Another growing problem for my organization is currency volatility, as my company actively trades a

variety of foreign currencies across the world. In attempting to leverage risk against volatility, currency

rate swaps are derivatives that come in handy. An arrangement between two parties to exchange the

principal amount of a loan and the interest in one currency for the principal and the interest in another

currency is a currency exchange rate swap (Definition from ACCA). A currency swap would use a similar

strategy, much like an interest rate swap, but it would require more than one currency. These are very

useful in determining the uncertainty in international markets in which Empire Capital has shares, i.e.

Japan, Singapore, Spain, Germany and the United States. Since the most extreme effects of coronavirus

are faced by many Asian countries, it would be wise to employ currency swaps in Japan and Singapore

with countries like Germany and the United States. I would promote currency exchanges between Spain

and a more prosperous nation (like Germany or the United States), as well as a rise in the number of

infected citizens in the country, which would eventually lead to greater market instability. However,

with the current state of the economy, this derivative is difficult to use because there is new public

information being exchanged on a regular basis that can change the volatility of the currency of a nation
on a material scale. The number of cases in the United States, for instance, is currently gradually

growing, with New York being the epicenter for 5% of world cases, which would make it harder for

investors to swap in favor of or against the US dollar.

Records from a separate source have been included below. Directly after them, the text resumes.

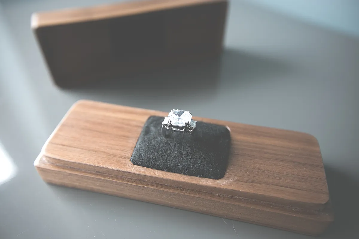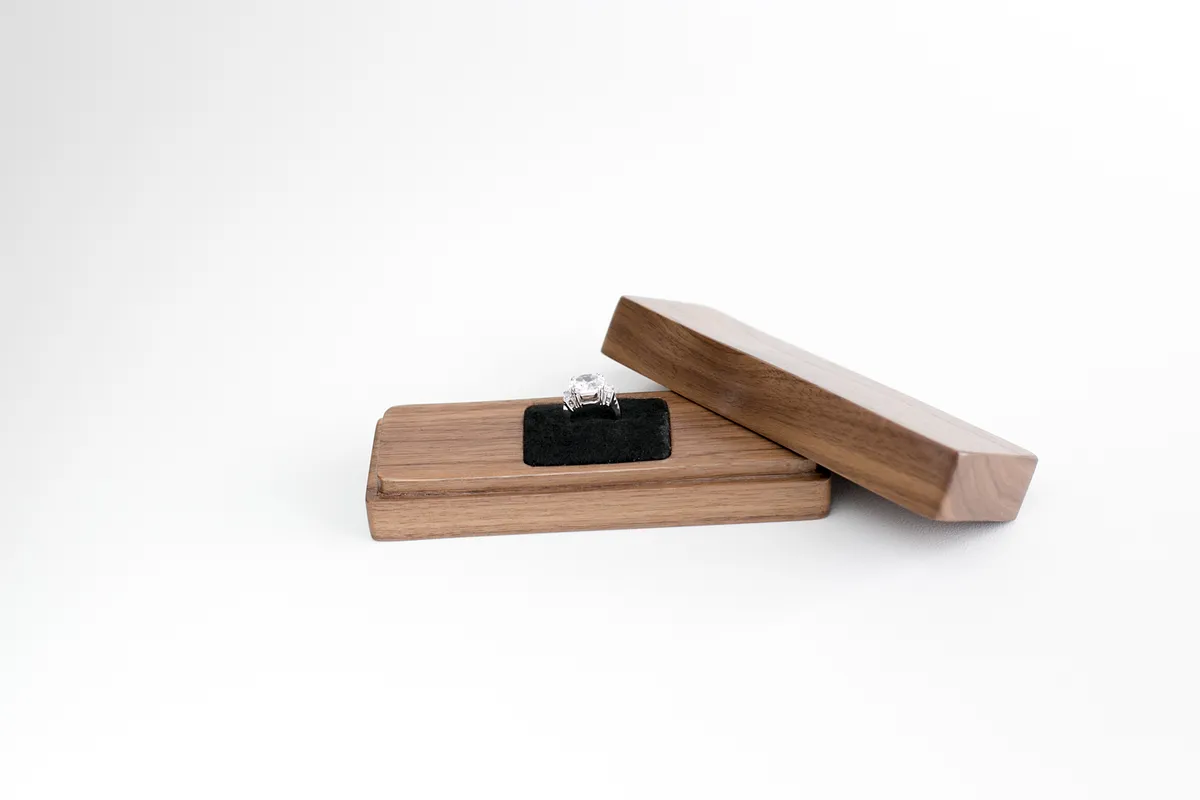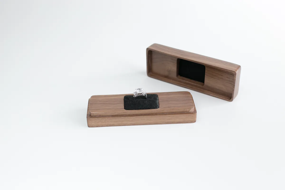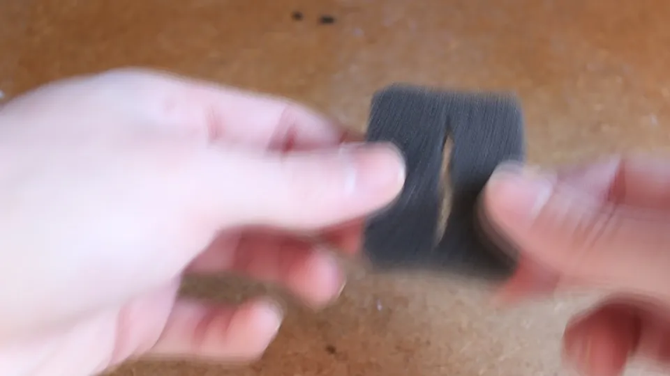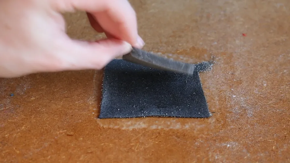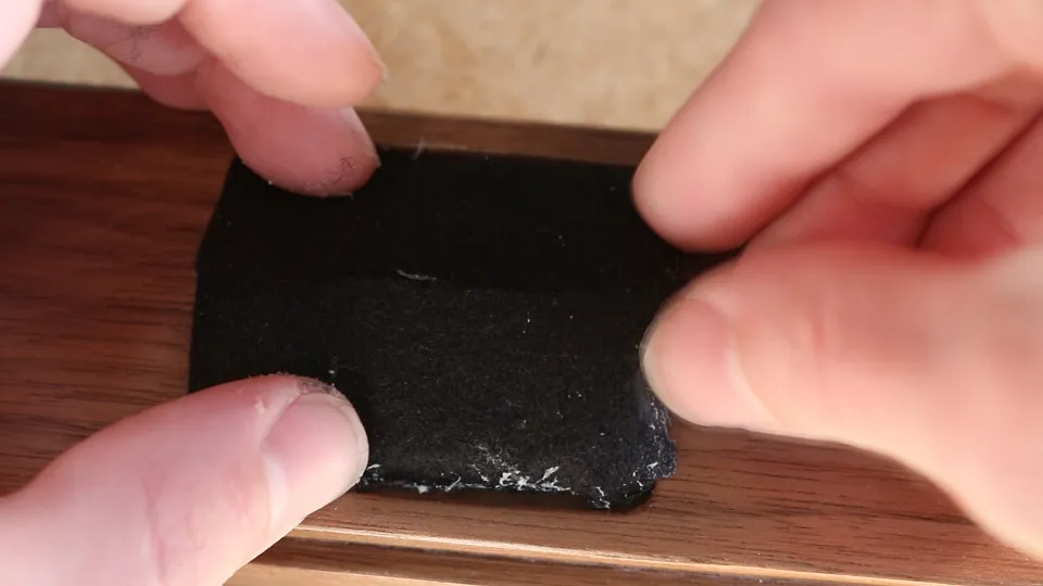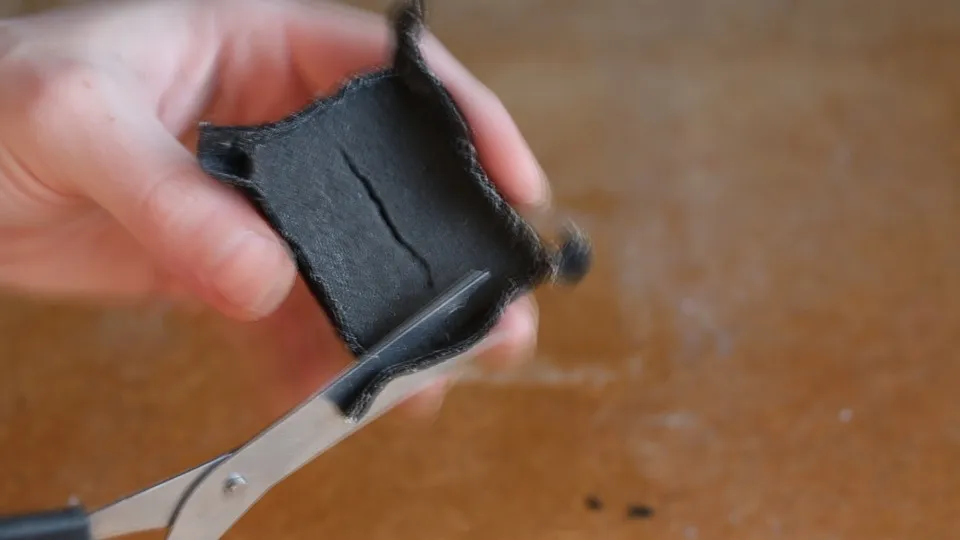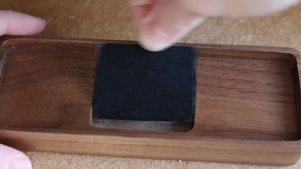 Because the base will be in contact with the ring I wanted to add foam. I cut a piece of foam slightly smaller than the opening in the base and also cut a slit in the centre, this will allow the ring to be pushed through and held in place. I could then use the spray adhesive to glue on some black felt baize. I folded it over the edges of the foam and trimmed off the excess with some scissors.
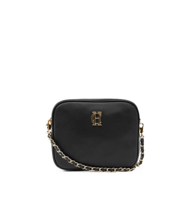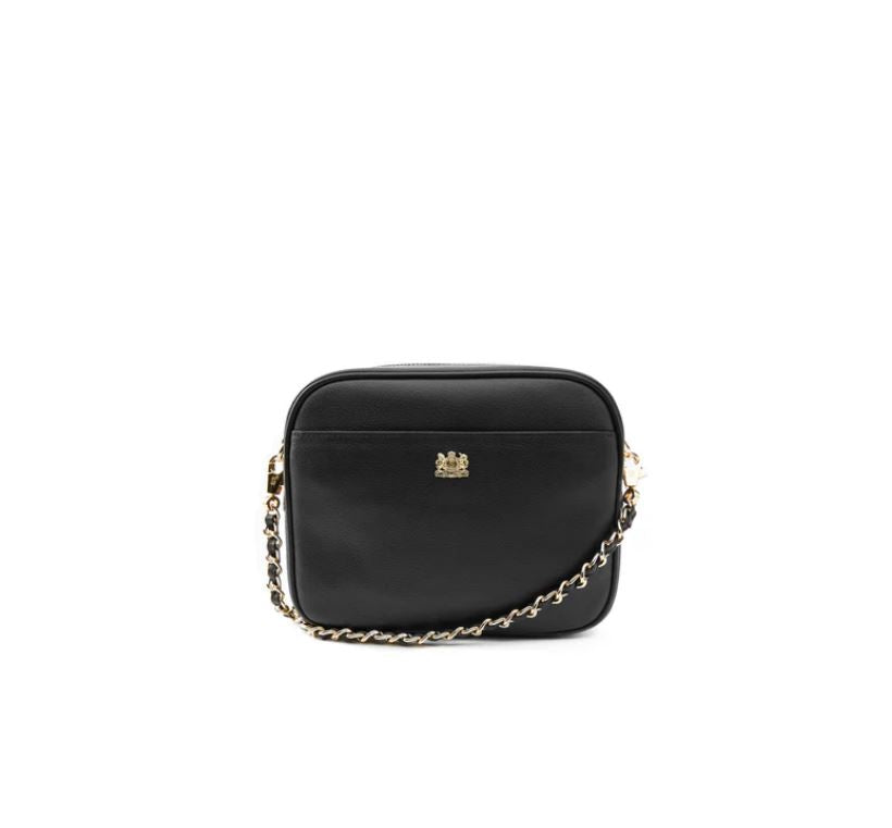 Holland Cooper Soho Camera Bag in Black. This bag arrives in a classic camera bag style. It has an intertwined chain and leather shoulder strap. One large main compartment. Detailed with signature Holland Cooper gold branding. Quilted design throughout the bag. This bag comes in a Holland Cooper green box and dust bag.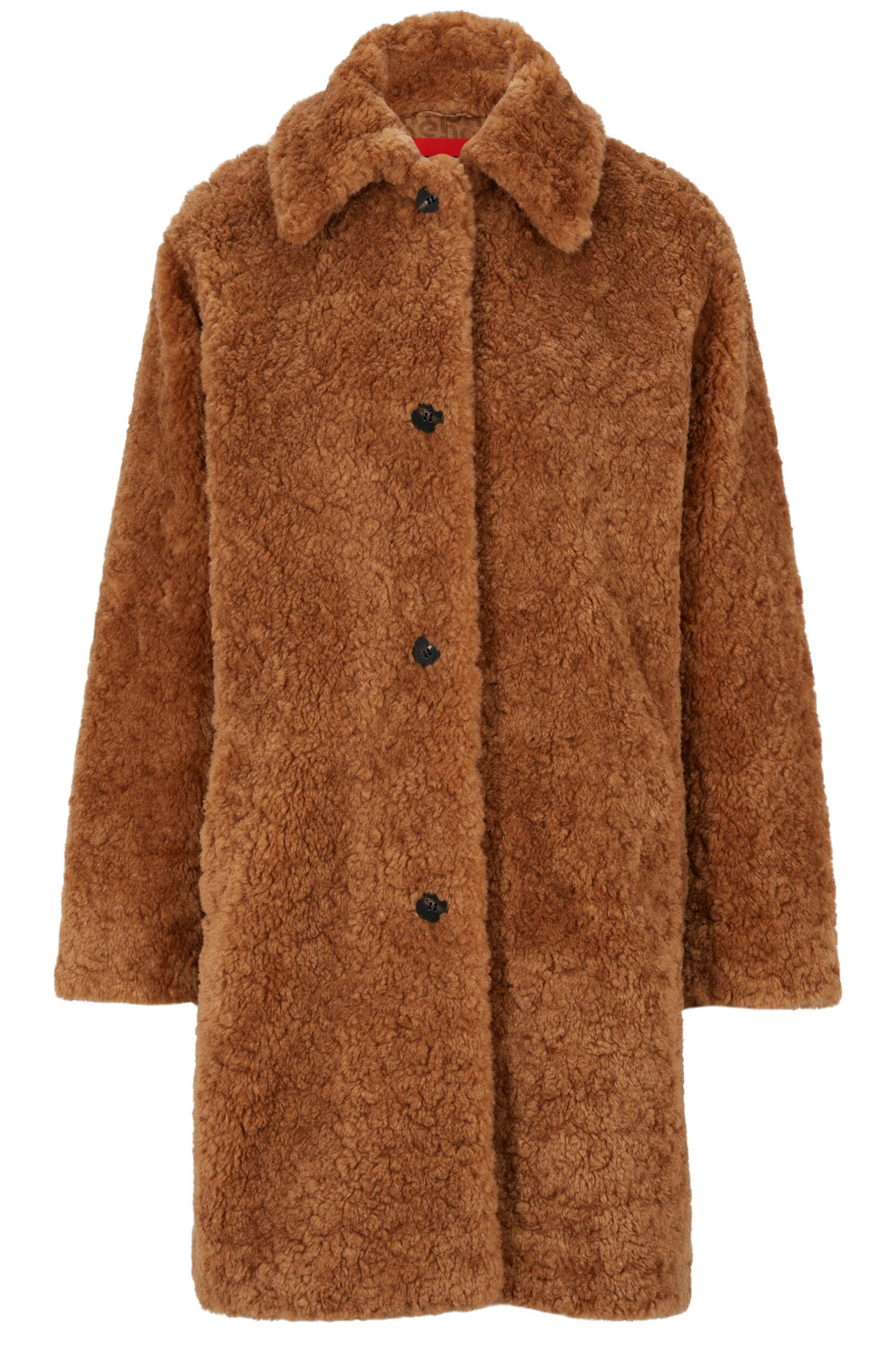 Progressiver HUGO Mantel. Der gerade geschnittene Damen-Mantel aus einem besonders soften Teddy-Gewebe ist mit einem durchgehenden Innenfutter versehen, das sich mit einem glatten Finish und HUGO Stack-Logos präsentiert. Ein Knopfverschluss und ein Spitzkragen runden den Style ab.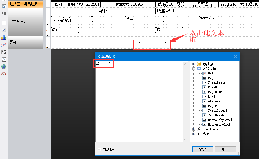 4、雙擊文本框,彈出窗口文本編輯器,在文本編輯器中輸入“第頁(yè) 共頁(yè)”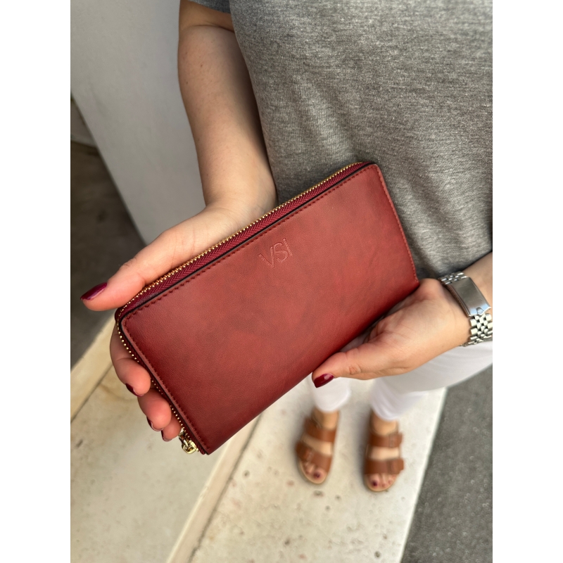 Wallet vegano rosso a fisarmonica con chiusura a zip su tre lati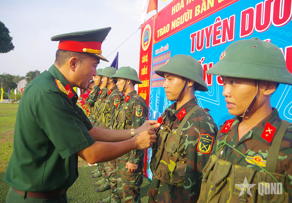 Trung đoàn trưởng Lê Công Danh khen thưởng chiến sĩ bắn giỏi.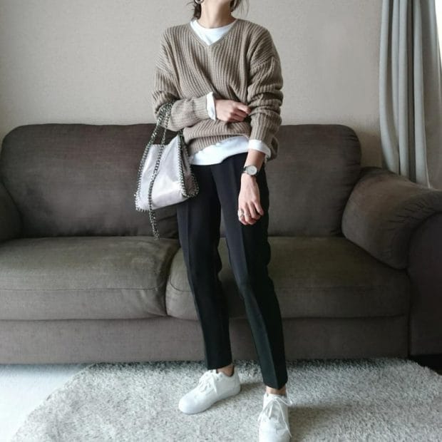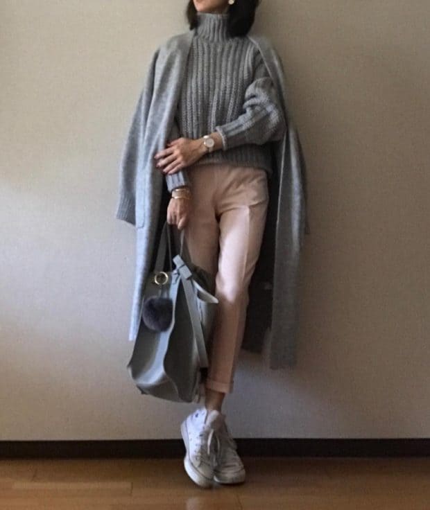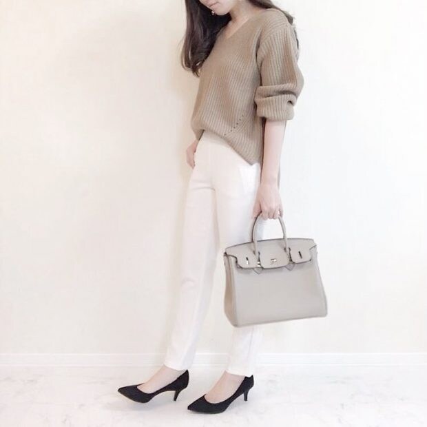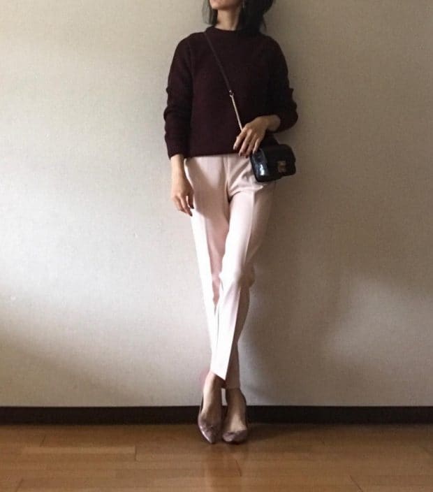 淡いカラーのニットとパンプスを合わせて、美人見えコーデに。身頃にゆとりのあるトップスと合わせれば、ボトムスがスッキリ見えてスタイルアップ効果も期待できます。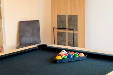 Côté loisirs, le Mas joue la carte du fun chic : terrain de foot pour les matches improvisés, grand boulodrome pour des parties conviviales, billard et babyfoot pour les duels en intérieur. Autour du brasero, on refait la journée en regardant les piscines scintiller ; un grand parking facilite l’arrivée de tous.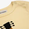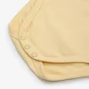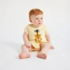 95% organic cotton, 5% elastane light yellow body. Designed with short sleeves, shoulder snap fastening, crotch snap fastening, slim fit and round neck.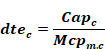 If the mode is heating or cooling, the temperature rise through the air handler heating or cooling equipment of system c at sensible capacity Capc is given by: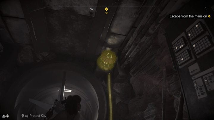 By holding down the up button on the controller's D-pad you can momentarily move the mission marker from the compass to the space around Kay. This will help you navigate the immediate surroundings.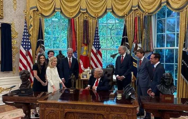 ترامب يُتوَّج بـ«مهندس السلام»في حفل أقيم داخل المكتب البيضاوي بالبيت الأبيض، حصل الرئيس الأمريكي السابق دونالد ترامب على جائزة «مهندس السلام» من مؤسسة ريتشارد نيكسون، تقديرًا لمساهمته في دعم جهود إحلال السلام العالمي، بحسب ما نقلته شبكة CBS NEWS.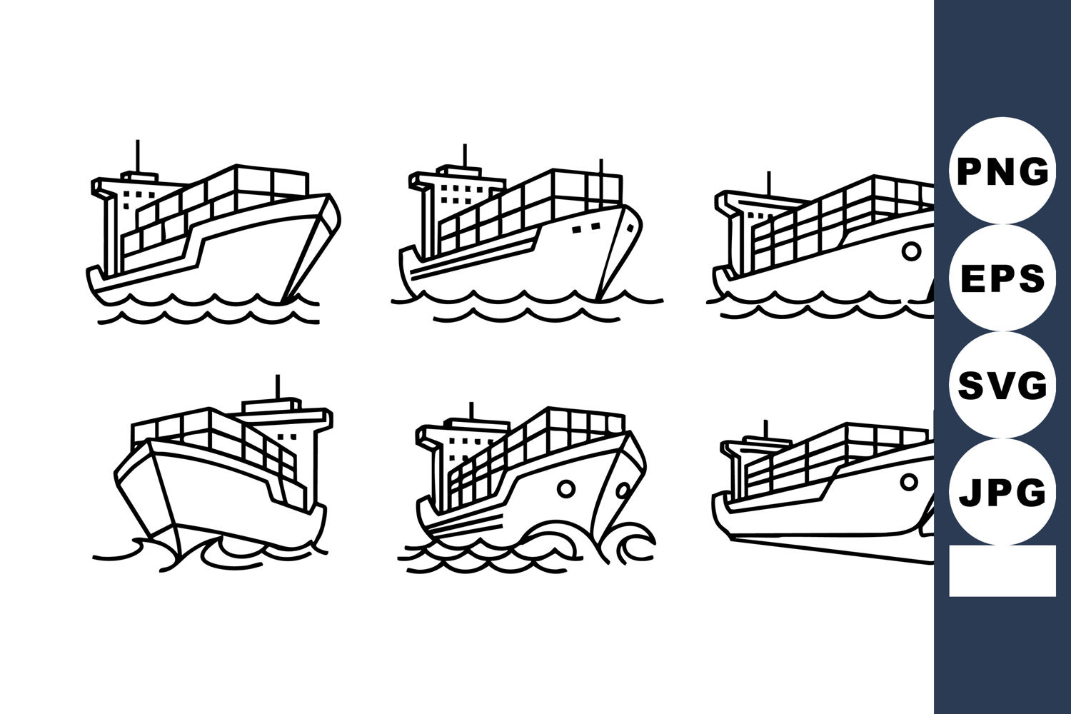 Set of six black outline cargo ship vector icons showing different angles and waves representing sea transport and shipping industry in a simple style. Calm mood.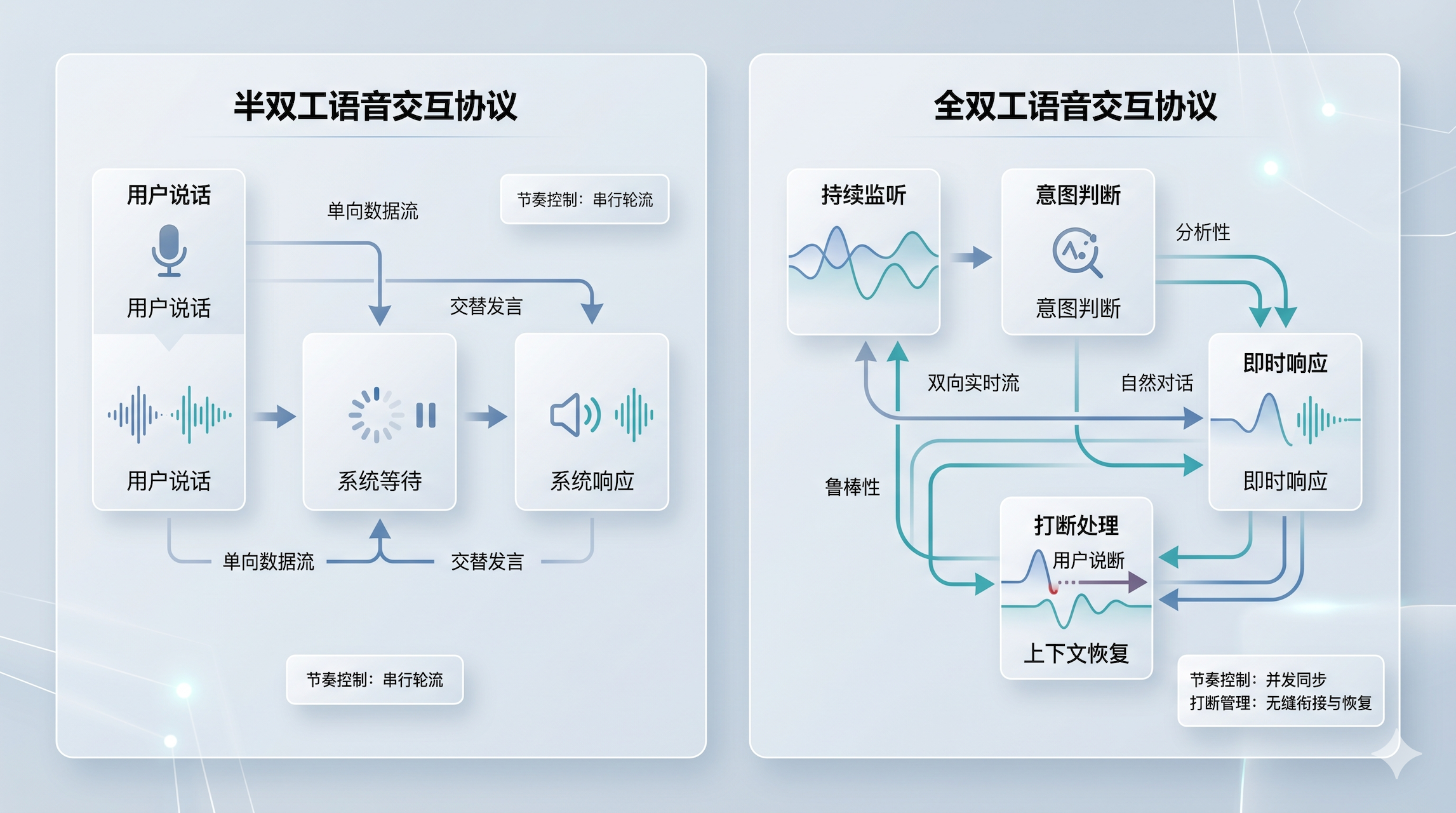 用户在真实语音场景里,经常会有这些状态:想一想再说、说一半改口、边说边组织、突然停顿两秒、被别人打断后再接回来。半双工系统很容易把这些停顿理解成“你说完了”,然后抢答。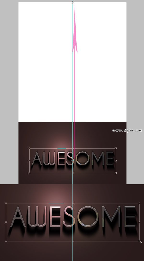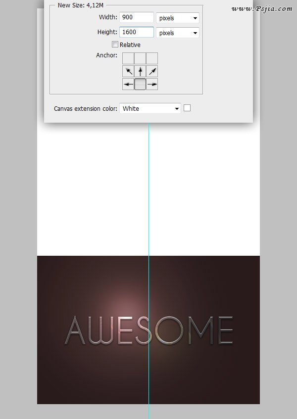 给影子创造空间。首先使用图像>画布大小,点击九宫格下中部(注意相对按钮不要打钩),改高度为1600px,Ctrl+R打开标尺(在标尺处按住左键可拖出辅助线)。在中轴拉一条辅助线,将"Awesome”层水平中心与之对齐。(图07)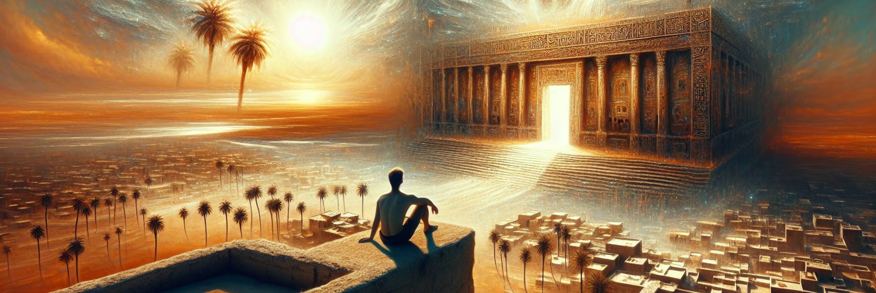 Não como um sonho, mas como uma cena imposta, vívida e cruel. Um nome ecoou primeiro em seu íntimo, seco como o estalar de um ramo no deserto: “Babilônia”. E diante de seus olhos abertos, a planície desdobrou-se. Não a Babilônia das torres e jardins suspensos que os mercadores descreviam, mas uma Babilônia essencial, uma ideia feita de pó e pavor.

In short, I would argue that a variety of derivatives would consist of the best derivative management

program to employ for Empire Capital to provide hedging scenarios that benefit market movements in

either direction. As stated before, it would be better to use interest rate risk aversion swaps for interest

rate risk aversion, for currency rate risk aversion, I will advise it best to use currency rate swaps, and if

exercised correctly, derivative options would prove to be profitable for equity risk aversion. It should be

noted that a good derivative management program must be a constructive one because the maxim "one

size fits all" does not apply to our assets or to the assets of any organization in that regard. The secret to

success here will be the responsiveness to make active and informed decisions based on market activity

by myself and my team. For example, knowing when currency swaps should take place and what

currencies we should exchange for will be crucial. It is also important to be able to discern when it would

be a good time to turn from a variable to a fixed interest rate. As far as portfolio insurance goes, it would

be important to know when to employ a call or a put option for stocks that we are trying to buy or sell.

Much of the weight will fall on the timing, responsiveness and derivative expertise of the finance team

of our business in handling this risk.